For those opting that is is not a programming question, it ultimately is as I have to 1) code, 2) the amount of algorithms of comparing data for each row in option #1. I am not asking how to do queries or how my database should be setup.
I have run into a bit of a pickle. I have a database which follows Google GTFS specs and I am now writing an automatic update program to service this database.
The database gets an overhaul once every 3 months. The table with the least amount of rows consists of between 1-10 rows and the largest table contains 7 million rows. The rest have between 10 000 and 80 000.
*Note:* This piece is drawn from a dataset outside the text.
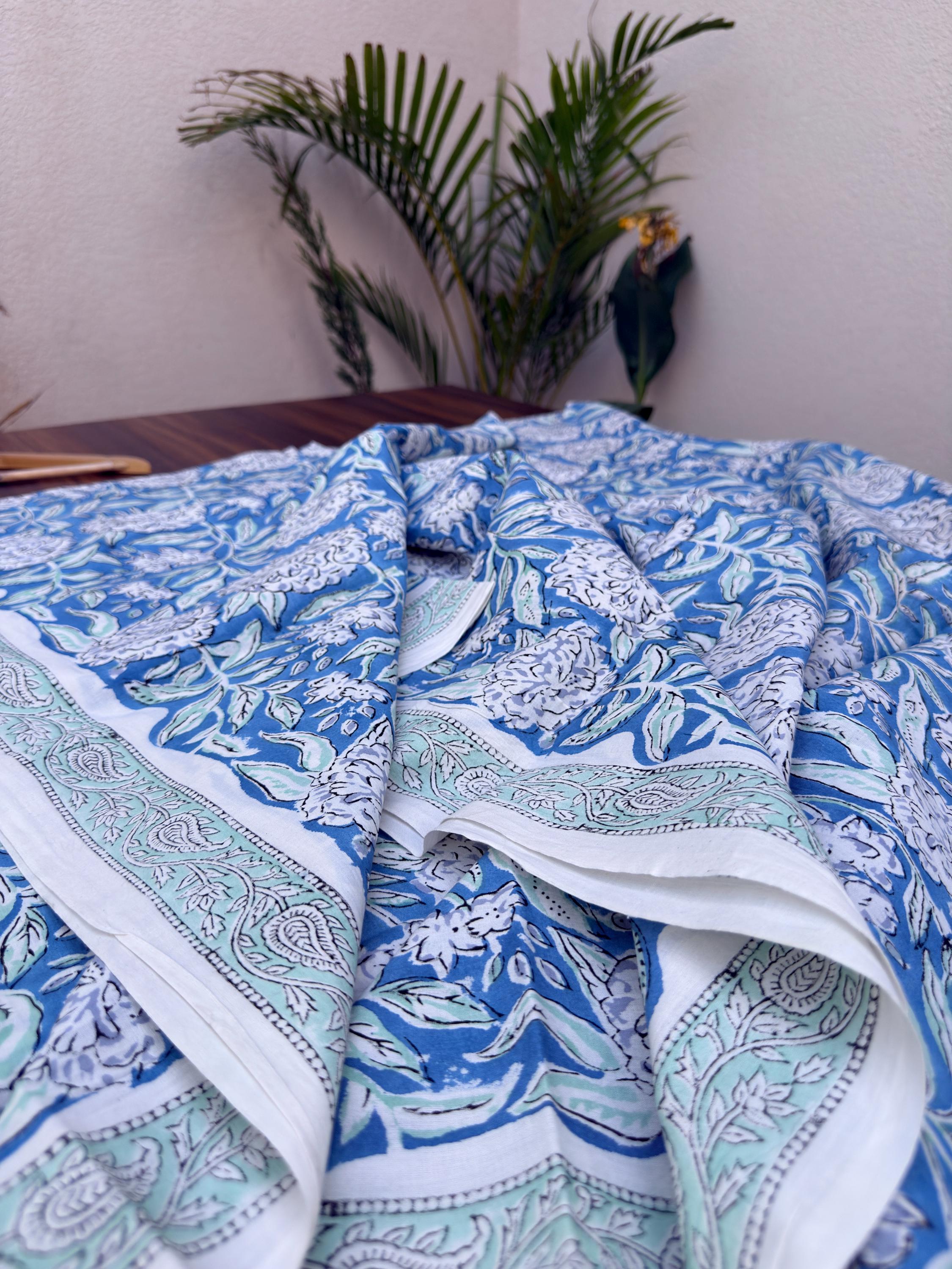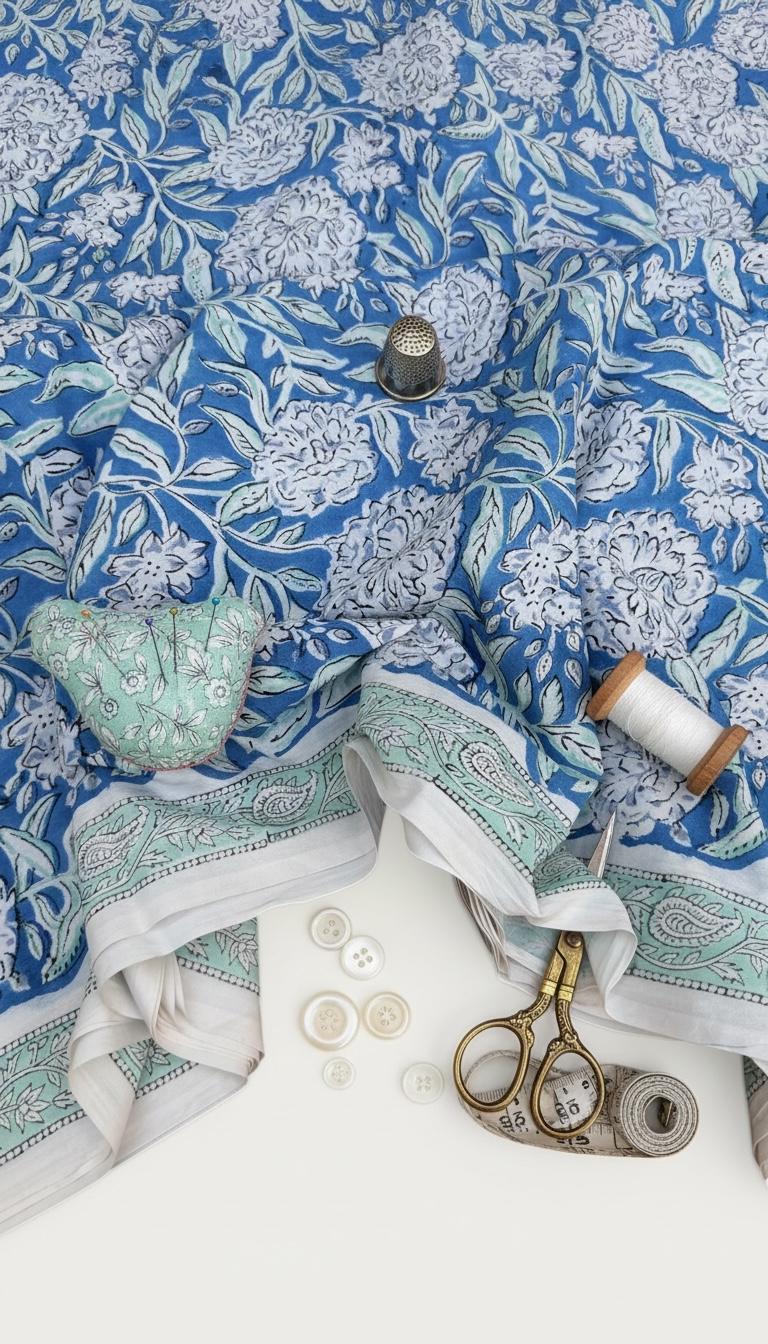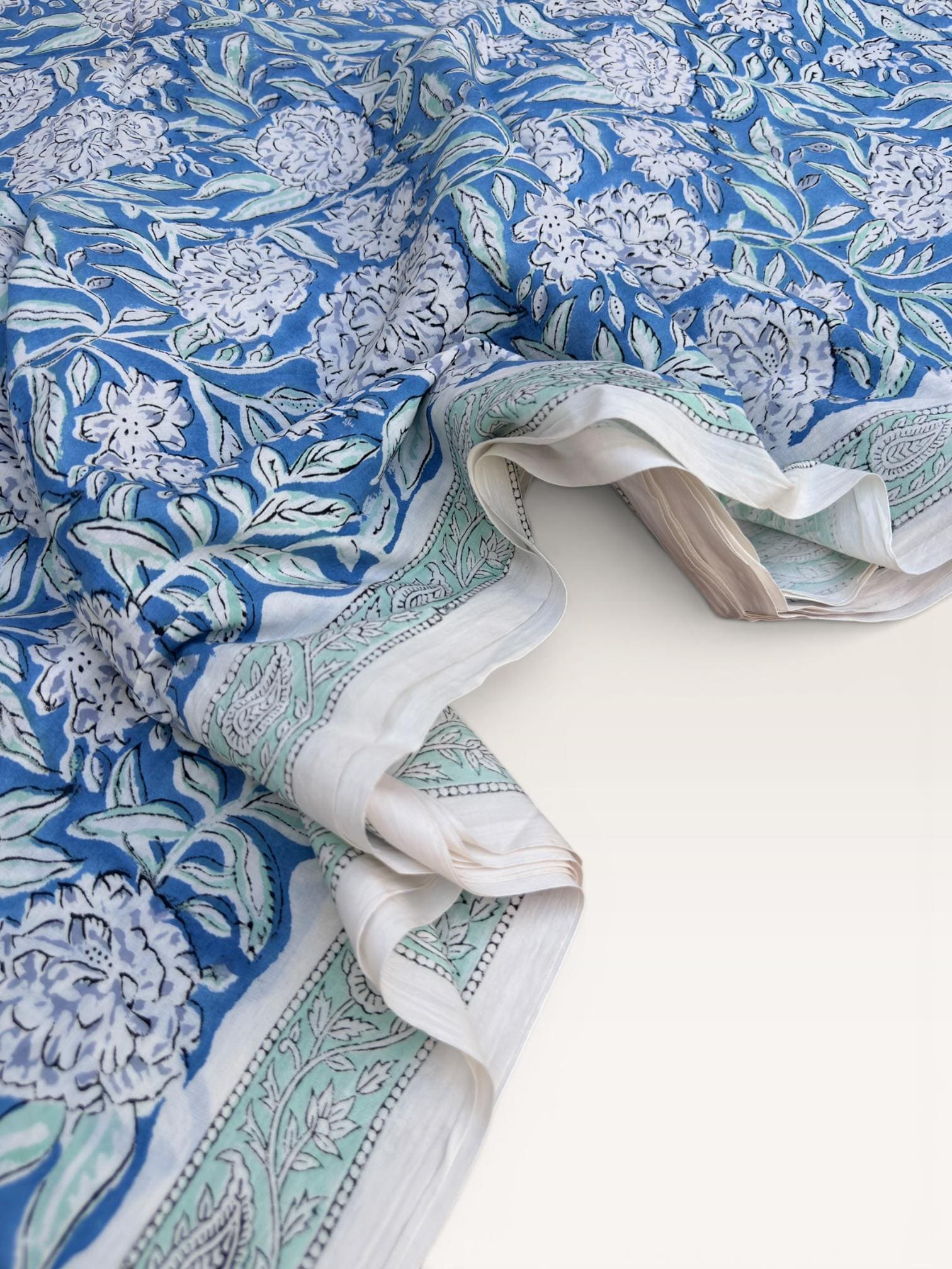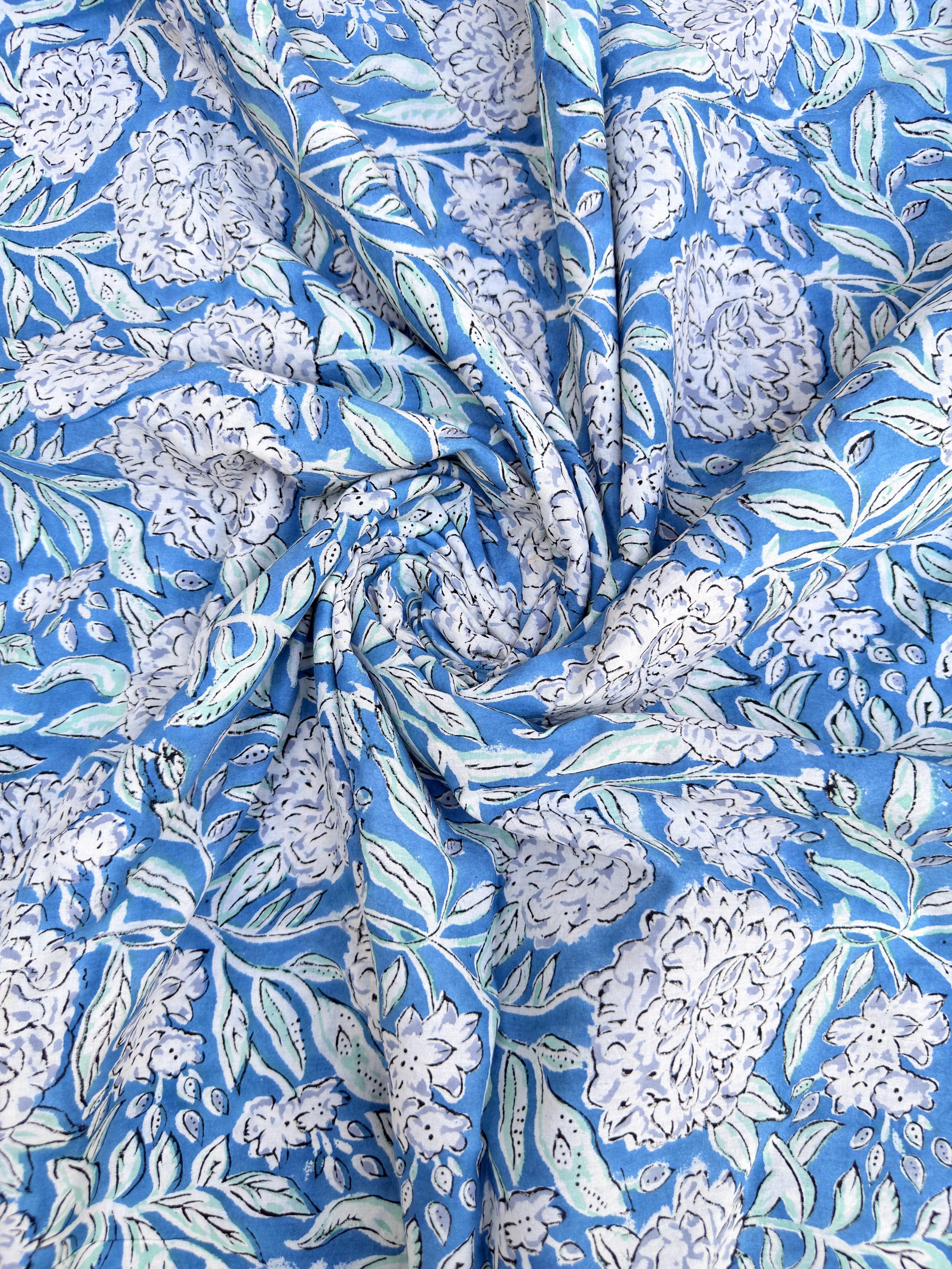 Bring timeless elegance to your sewing projects with this beautiful hand block printed cotton fabric in a refreshing blue color palette. Featuring intricate floral motifs in shades of indigo, sky blue, and soft mint green, this running fabric is perfect for creating breezy garments and stylish home décor.

The files my program to download are .txt files which translate in a table. In other words: stops.txt = database.stops. Database is InnoDB type.
I have come up with 2 solutions.
1) every row id in the several .txt documents is to be compared to what is currently in the database, if nothing has changed do nothing, if something has changed, do an UPDATE.
2) INSERT the downloaded files into their own tables (basically mirroring the live tables) and then switch table names. Example: database.stop_new and database.stop switch names.
Another twist: The overhaul will be done at a certain date defined in one of the .txt files, this means it could be done a Saturday on a peak holiday prehaps, meaning that users could be sending queries at all times.
Question: Which approach should I go for to endure that nothing breaks and that the user experience is upheld. (I am leaning towards option 2...)